O Pré-amplificador em Detalhes

É por meio do pré-amplificador, ou apenas “pré” ou “preamp”, que todo o processo de amplificação se inicia. Vamos falar das diversas funções do pré e como as peças desse circuito se encaixam para produzir o timbre espetacular que obtemos nos valvulados.

“Caráter” e voz do amplificador

Apesar do estágio de potência contribuir em grande parte para a formação do timbre do amplificador, a maior parte da “voz” do instrumento musical, incluindo a alteração da resposta a certas frequências (equalização), é modelada no pré-amplificador.

Controles de presença ou ressonância permitem alterações na resposta a frequências no estágio de potência – no entanto, tais controles são limitados, pois funcionam usando a retroalimentação negativa do sinal. A equalização do sinal original da guitarra acontece apenas no pré-amplificador – lá é formado o timbre que será amplificado e possivelmente retroalimentado a partir do transformador de saída.
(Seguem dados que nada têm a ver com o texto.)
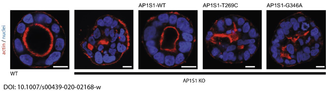In a close collaboration with Andreas Janecke and Thomas Müller from Paediatrics I, we recently identified two novel missense mutations in the adaptor protein AP1S1, in patients diagnosed with congenital enteropathy. Defects in AP1S1 are associated with MEDNIK syndrome. In AP1S1 knockout CaCo2 cells, we observed altered localisation of tight-junction proteins ZO-1 and claudin 3, reduced transepithelial electrical resistance and increased dextran permeability of the CaCo2-AP1S1-KO monolayer. In addition, lumen formation in 3D cultures of these cells was abnormal. Re-expression of wild-type AP1S1 in CaCo2-AP1S1-KO cells reversed these abnormalities, whereas expression of AP1S1 that contained either missense mutation did not. Our data indicate that loss of AP1S1 function causes an intestinal epithelial barrier defect.

Em amplificadores que possuem loop de efeito, é possível saltar o pré-amplificador por completo, e injetar o sinal recebido de um pedal de efeitos diretamente no amplificador de potência. Assim é possível aferir, usando o teste mais confiável que existe (aquele de nosso ouvido!) até onde o preamp é responsável pela formação do timbre.

Ganho e Distorção

O audiófilo deve, certamente, estranhar os textos que tratam de amplificadores para guitarra. Lê-se, como se fosse algo perfeitamente normal, que a “distorção” de tal tipo seria mais agradável que outra. E que a “clipagem” do sinal proporcionou uma “bela distorção”. De fato, é de se causar estranheza, visto que toda a evolução dos amplificadores de alta fidelidade se deu em torno da busca por menos distorção.

O trabalho de pesquisa de McIntosh, Hood, Baxandall, Leak, Mullard e outros inventores, girou em torno de possibilitar a construção de amplificadores mais potentes e que produzissem níveis de distorção cada vez menores.
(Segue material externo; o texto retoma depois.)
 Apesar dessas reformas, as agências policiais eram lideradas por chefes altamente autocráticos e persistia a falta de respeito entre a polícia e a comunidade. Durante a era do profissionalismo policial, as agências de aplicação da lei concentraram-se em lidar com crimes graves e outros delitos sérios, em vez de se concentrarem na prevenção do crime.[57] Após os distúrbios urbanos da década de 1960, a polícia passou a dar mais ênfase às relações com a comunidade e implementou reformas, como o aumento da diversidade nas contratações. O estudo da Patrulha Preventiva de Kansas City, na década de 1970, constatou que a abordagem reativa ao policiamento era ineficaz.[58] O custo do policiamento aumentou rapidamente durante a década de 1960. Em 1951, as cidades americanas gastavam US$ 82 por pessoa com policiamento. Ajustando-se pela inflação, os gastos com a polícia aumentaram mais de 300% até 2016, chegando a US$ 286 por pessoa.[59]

Enquanto isso, no universo paralelo da guitarra elétrica, buscava-se mais distorção harmônica. De fato, o bom amplificador valvulado para guitarra distorce de forma mais agradável quando está no volume máximo!
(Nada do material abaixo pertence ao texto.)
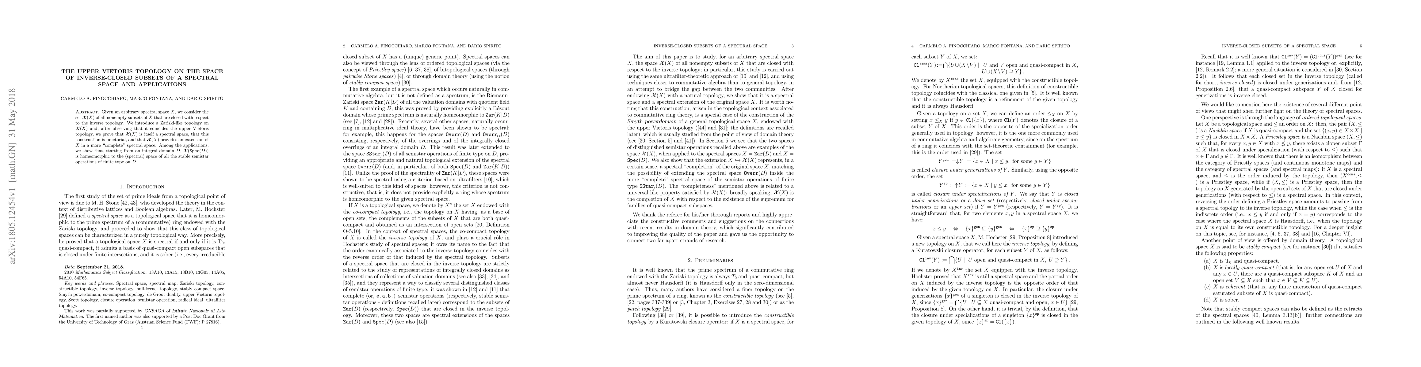 Given an arbitrary spectral space $X$, we consider the set ${\boldsymbol{\mathcal{X}}}(X)$ of all nonempty subsets of $X$ that are closed with respect to the inverse topology. We introduce a Zariski-like topology on ${\boldsymbol{\mathcal{X}}}(X)$ and, after observing that it coincides the upper Vietoris topology, we prove that ${\boldsymbol{\mathcal{X}}}(X)$ is itself a spectral space, that this construction is functorial, and that ${\boldsymbol{\mathcal{X}}}(X)$ provides an extension of $X$ in a more `complete' spectral space. Among the applications, we show that, starting from an integral domain $D$, ${\boldsymbol{\mathcal{X}}}(\mathrm{Spec}(D))$ is homeomorphic to the (spectral) space of all the stable semistar operations of finite type on $D$.

A distorção que ocorre em altos volumes combina a voz introduzida pelo pré-amplificador com as características das válvulas de potência e do transformador de saída. A distorção que ocorre em altos níveis de volume incorpora, também, aquela originada no próprio alto-falante.

Este sistema completo, de pré-amplificador, potência e alto-falantes mostrou-se impossível de simular até os dias atuais. Nenhum emulador ou atenuador de potência foi capaz de reproduzir o timbre de um amplificador valvulado funcionando no limite.

Porém, só é possível amplificar sinais que tiverem sido previamente “condicionados” – ou seja, que já tenham sido modelados de acordo com o circuito equalizador e amplificados a um nível suficiente para excitar o amplificador de potência. Essa tarefa também cabe ao pré-amplificador. No preamp são inseridos os primeiros cortes (clipagem) na forma de onda, gerando o timbre que será levado adiante no circuito de amplificação.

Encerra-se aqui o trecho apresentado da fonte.